How to Recover From Addiction
Some people can go years using an addictive drug, then reach a point where they simply stop. Maybe it was the birth of their child, a spur-of-the-moment decision, or maybe it was purely environmental, as was the case for some soldiers coming back out of Vietnam. But there are cases of people who use addictive substances in the long term and don’t ever experience the neurological “hook” that makes it damn near impossible to stop.
But these lucky few are not the majority of long-term drug users. Long-term drug use makes addiction more likely, and harder to escape from. For many, quitting cold turkey for a loved one is not a conscious decision they’re capable of making, even if they really want to.
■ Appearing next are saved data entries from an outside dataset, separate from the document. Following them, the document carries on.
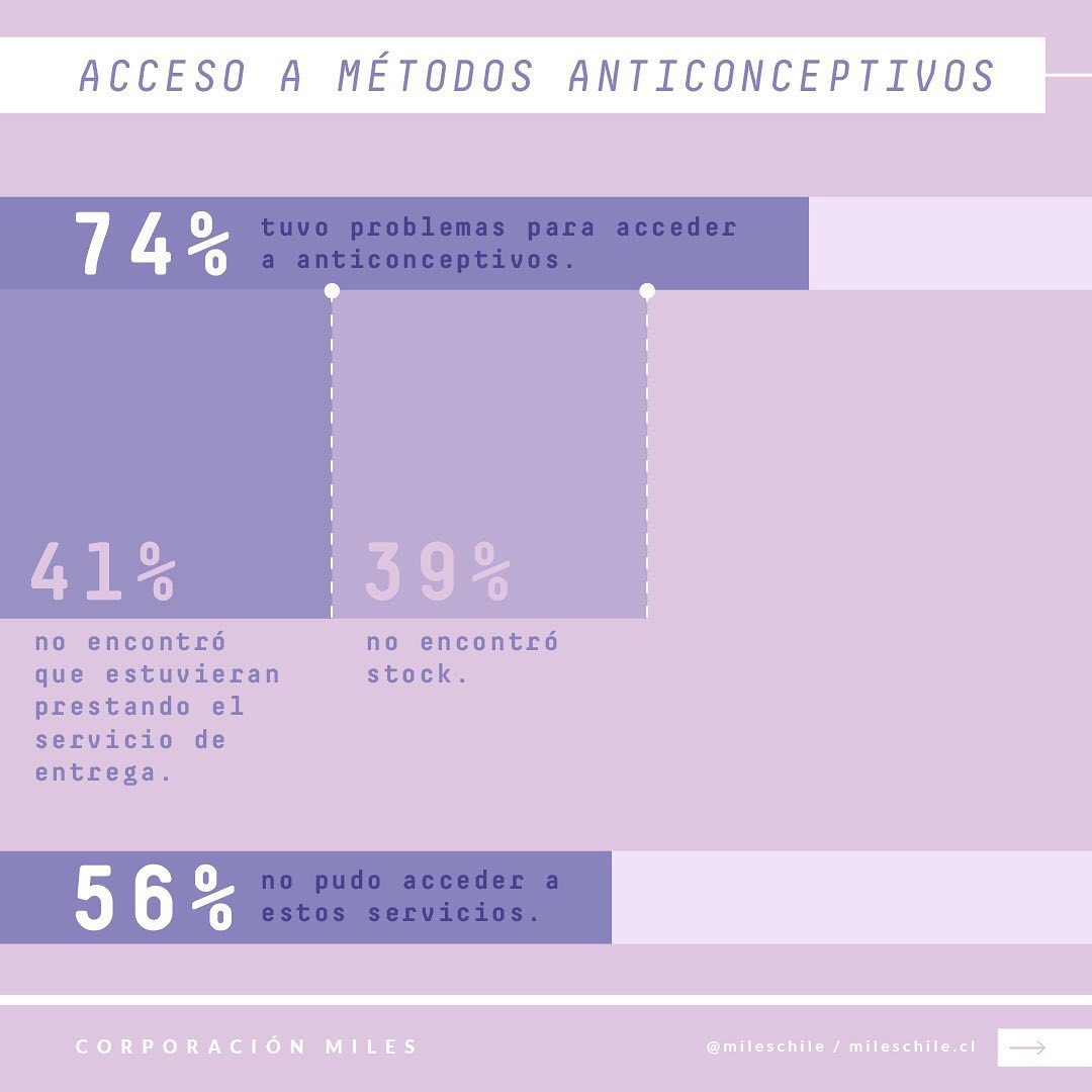 En esta misma línea, Corporación Miles, una ONG que vela por los derechos sexuales y reproductivos en Chile, en su segunda encuesta ‘Salud sexual y reproductiva en tiempos de Covid-19’ en la que se consideró una muestra de 500 mujeres aproximadamente. En términos generales, alertó que el 46% de las encuestadas presentó dificultades para acceder a servicios de salud sexual y salud reproductiva.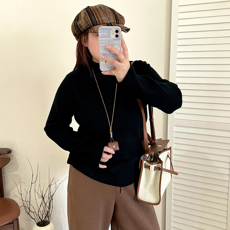大きいサイズのレディースセーター、ハーフタートルネック、長袖、インナーウェア、2025年冬、ぽっちゃりさん向け、mmサイズ、ニットセーター、22687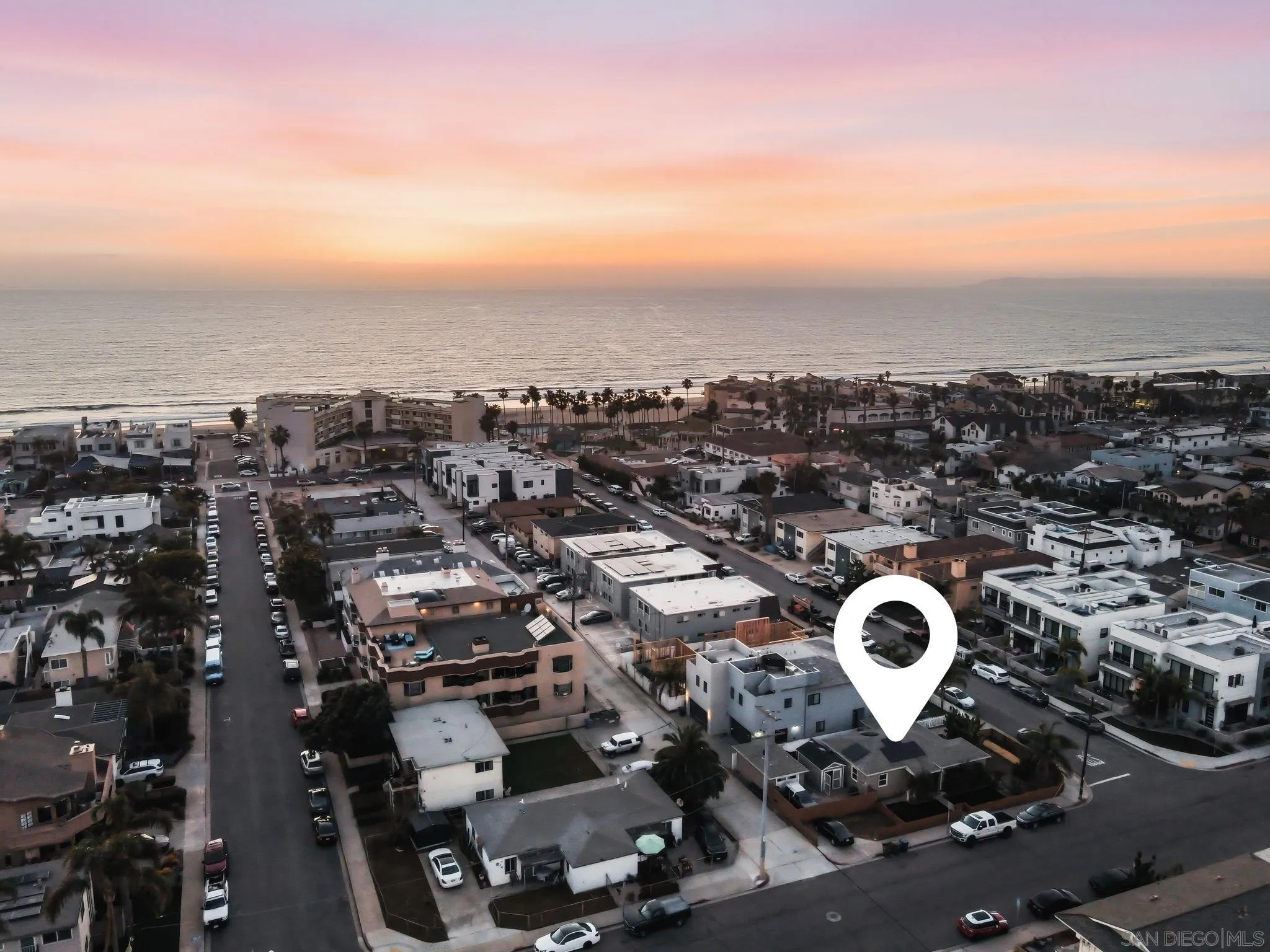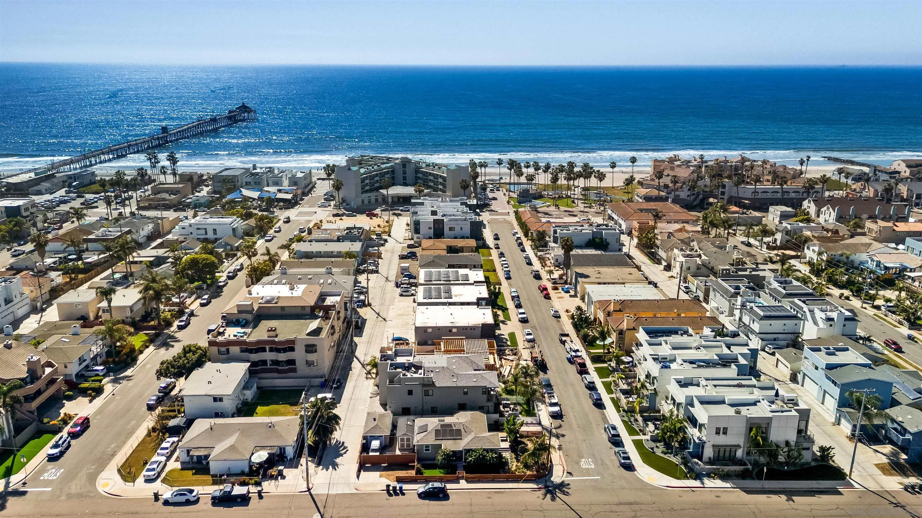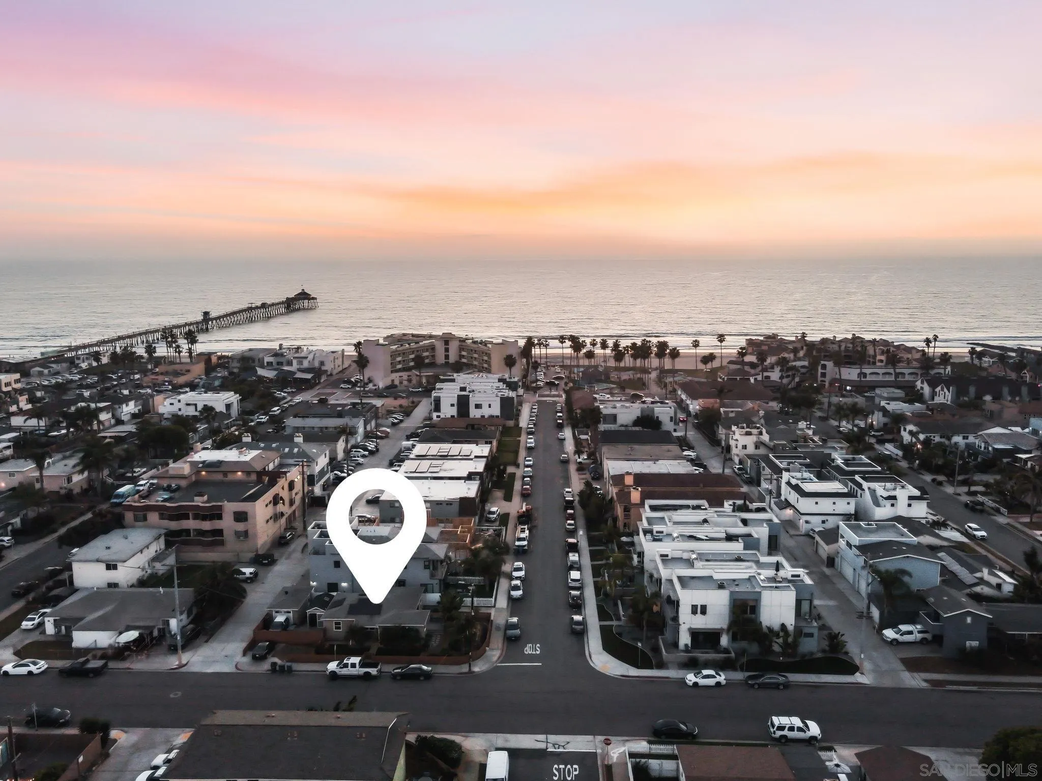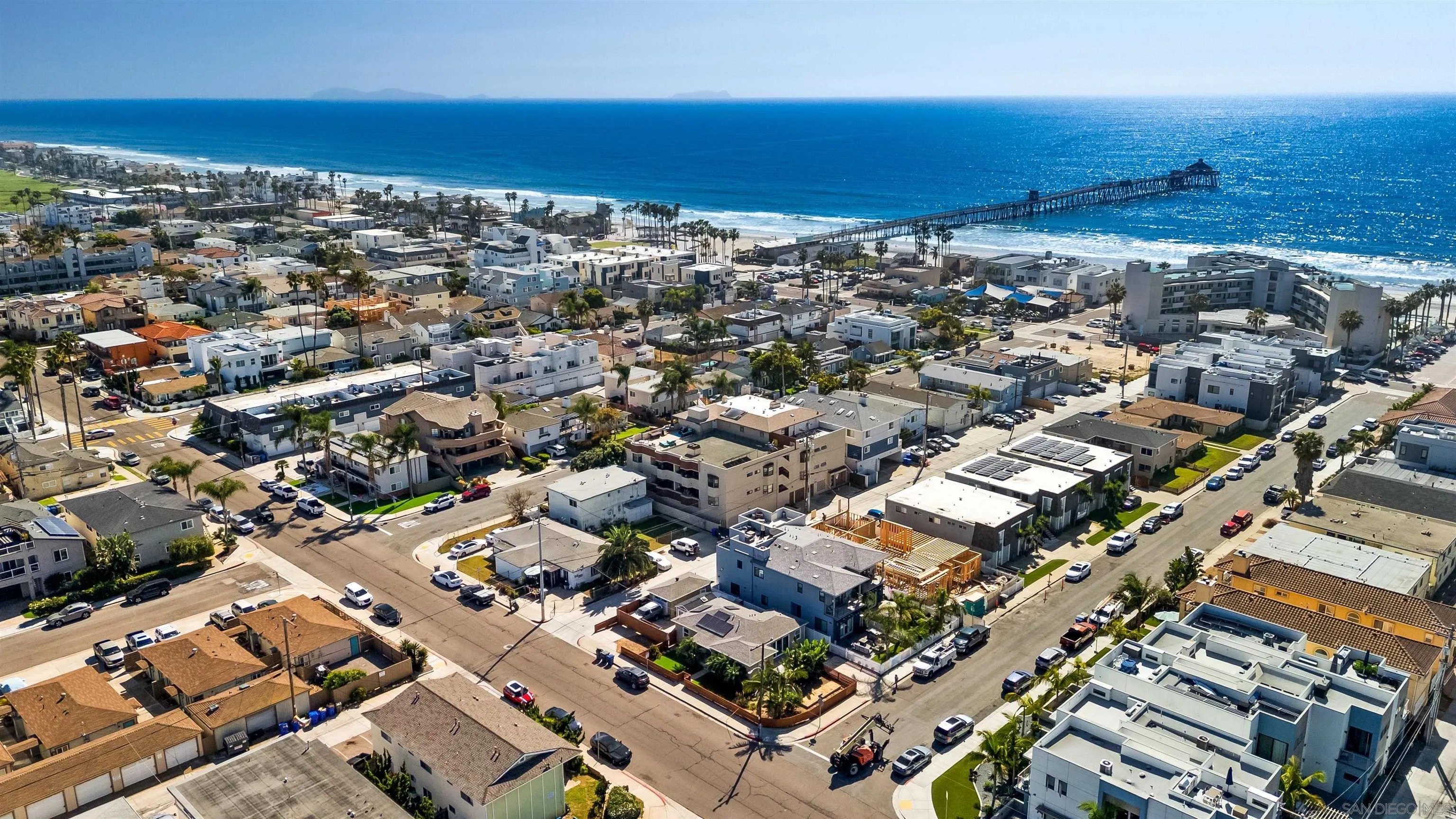 One block from the sand. Ocean views. Income-producing. Positioned just one block from the ocean in the heart of Imperial Beach, this exceptional property offers a rare blend of lifestyle and versatility. A thoughtfully designed 3-bedroom, 2-bathroom main residence paired with a detached converted studio creates an ideal setup for income generation, multigenerational living, or a private guest retreat, just steps from the coastline. Set on an expansive .11-acre lot, the home is surrounded by curated outdoor spaces designed for both privacy and ease. Lush greenery frames the west-facing patio, creating a natural buffer from the street while opening to ocean views and golden sunset skies. The outdoor experience is elevated with low-maintenance turf, garden beds, and mature fruit trees including orange, lemon, lime, and avocado, bringing a sense of grounded coastal living to the home. Inside, the remodeled kitchen offers generous cabinetry and flows seamlessly into the main living areas and out to the backyard, creating a natural indoor-outdoor connection. The layout is both functional and inviting, designed for everyday living as well as entertaining. Additional features include paid off solar (NEM2, strong value add), an outdoor shower for post-surf days, a dedicated laundry room with storage, and a fully fenced wraparound yard. Parking is abundant and flexible, with multiple driveway spaces on both sides of the property, ideal for you, guests, or tenants.
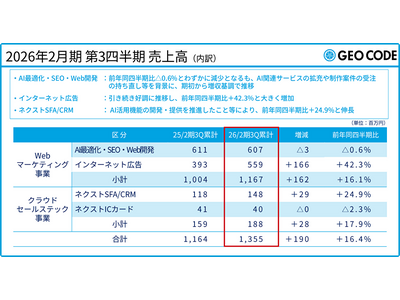 Webマーケティングとクラウドセールステック事業を展開する株式会社ジオコード(本社:東京都新宿区、代表取締役:原口 大輔、証券コード:7357)は、2026年1月14日(水)に2026年2月期第3四半期の決算を発表しました。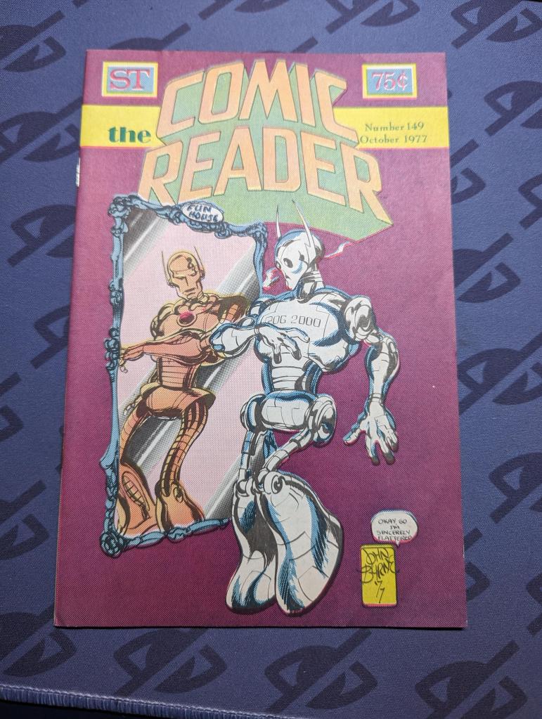 ROG 2000 had a distinctive enough design that it went on to inspire artist Joe Staton when he was called upon to redesign the DC character Robotman as part of the New Doom Patrol tryout in SHOWCASE. Staton had been drawing the E-MAN series that the ROG 2000 back-ups had first seen print in, so there’s no question that he was aware of the character and took some points from his design, virtually lifting it entirely. After SHOWCASE came out, Byrne did a cover for the COMIC READER pointing out the similarity.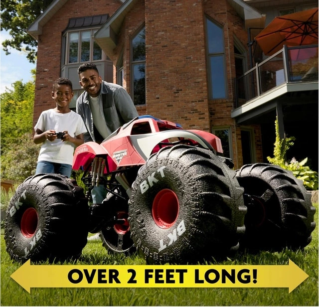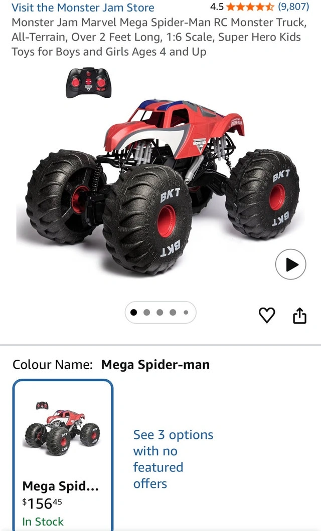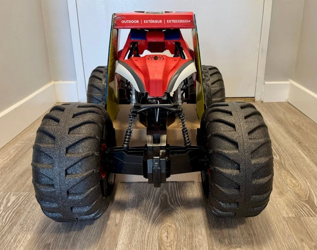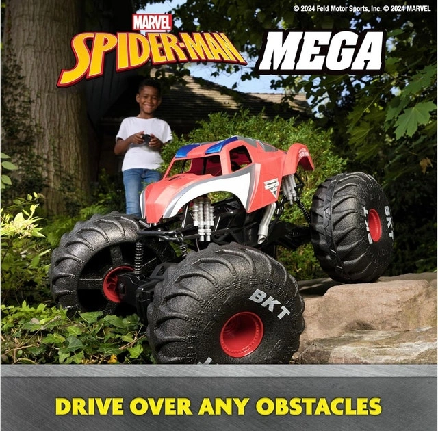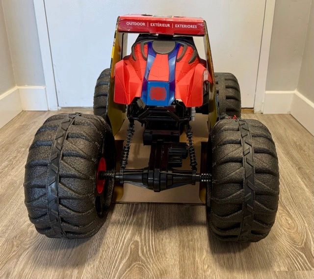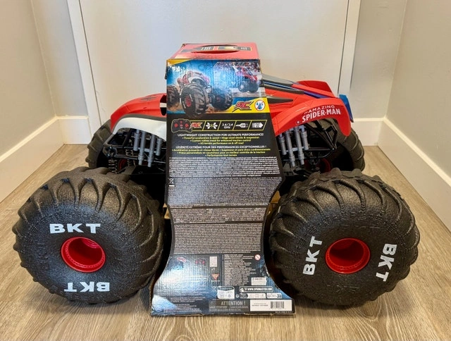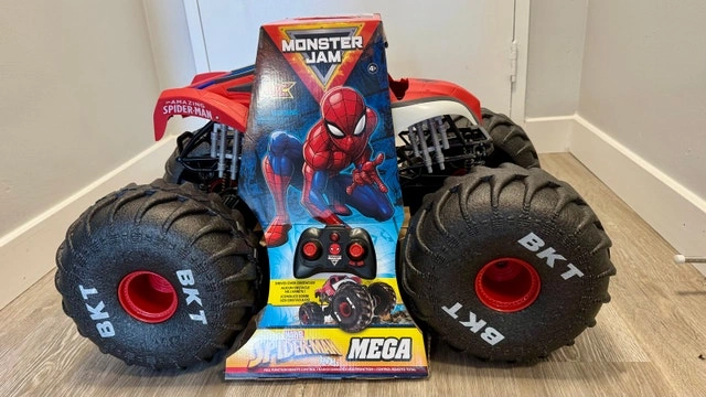 Brand new Monster Jam Marvel Mega Spider-Man RC monster truck. It's over 2 feet long, a huge 1:6 scale, and all-terrain so it can drive anywhere. Comes with its remote control.
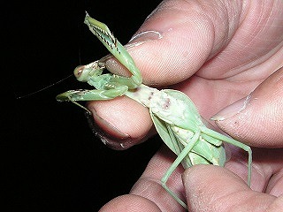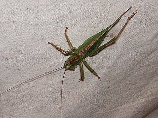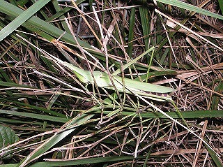 待ち時間を利用して1時間の予定で自然公園南門から東門間の農道を、ナイトウオッチィングとして往復した。クツワムシ、ツヅレサセコオロギ、アオマツムシなど秋の虫が、競って声をたてている。ショウリョウバッタやオオカマキリが草先にジッとしていたりでなかなか面白いものだ。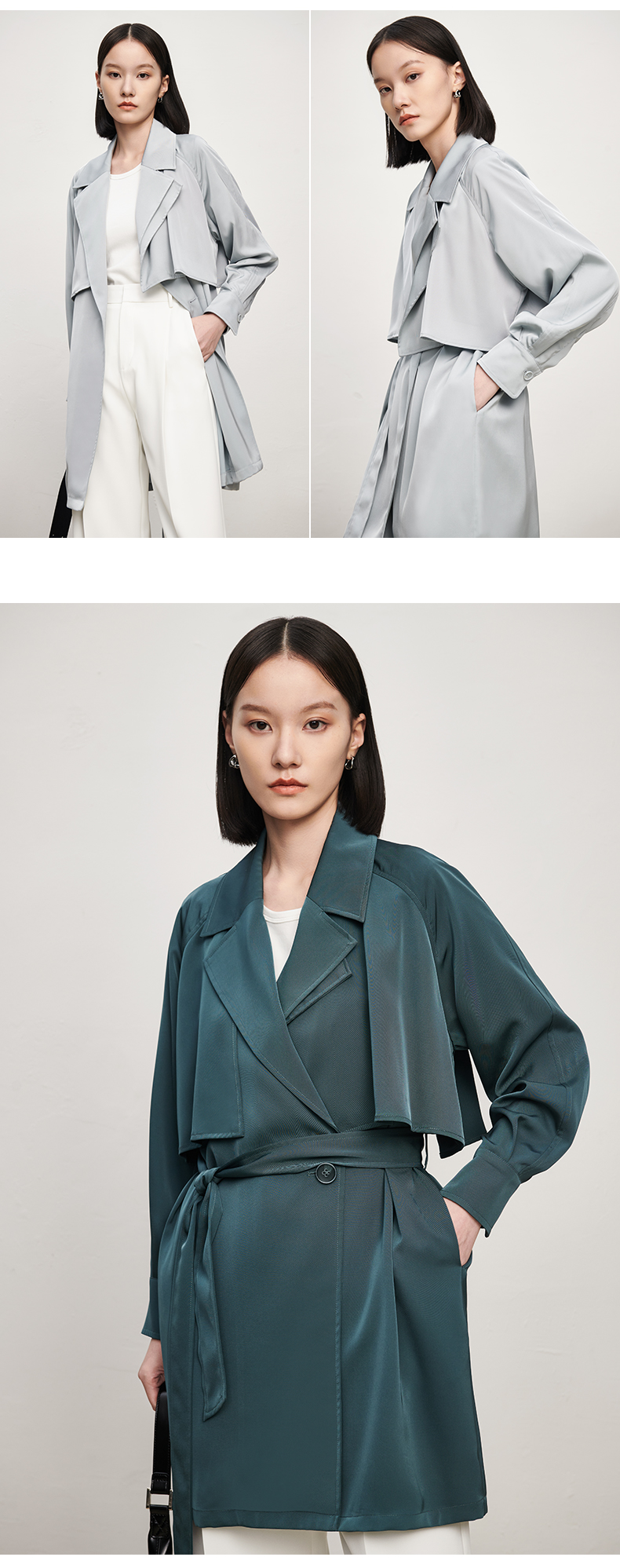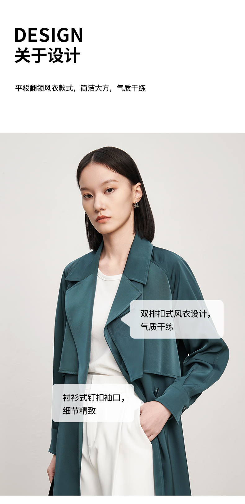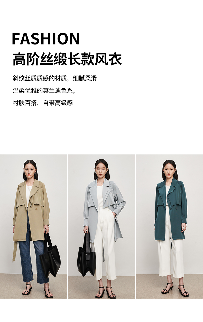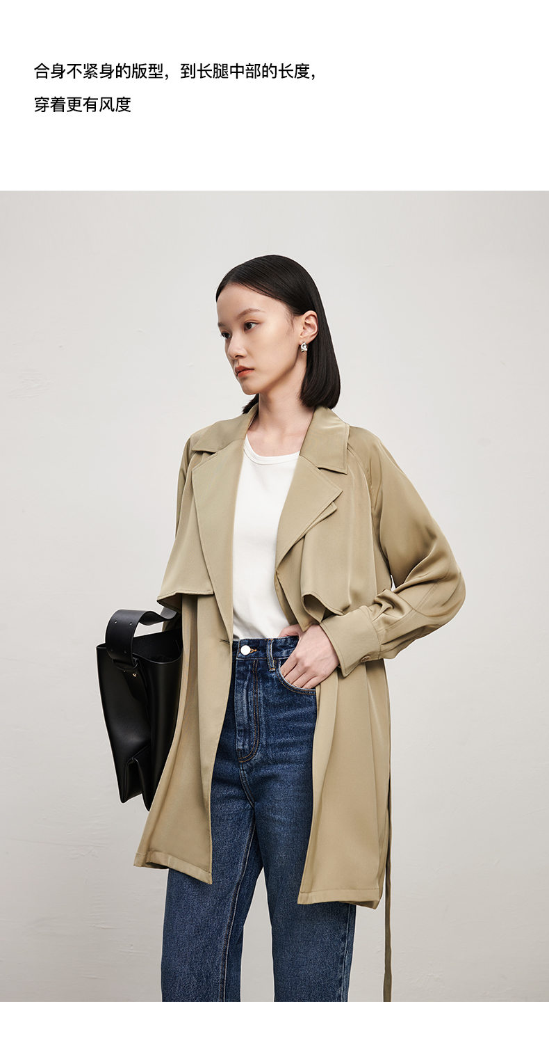 IN AND ON新款高阶丝缎气质长款风衣 斜纹高级感百搭外套21449

The Importance of Professional Help
This is why professional help is critical, especially in drug recovery. If you want to quit, you need a professional framework to start. Professional treatment is a combination of various healing activities, physical rehabilitation, withdrawal and detoxification care, addiction-related medication, psychiatric counseling, professional therapy, and physical activity.
Not all professional treatments look the same. Some people thrive with outpatient programs. Some people need an inpatient care program. And for most people, that is just the beginning.
Friends and Family
The heart of addiction treatment lies in the long-term journey and your support system. Coming out of rehab for the first time will be disorienting. There will be a lot left to readjust to.
Rehab programs often provide you with your first toolkit for combatting addiction through stress management skills, exercises, and a game plan for the immediate future – but you need your friends and family to catch you when you fall, prevent relapses, check up on you, and ensure that you’re still committed to the process; whether that means continued therapy or support group meetings, or something else.
One day, you might feel like you’ve vanquished your addiction for good. Or you might feel like it’s a life-long journey you can never stray from, and take comfort in that. Whatever you do, it’s important to do it right, with the right professional help.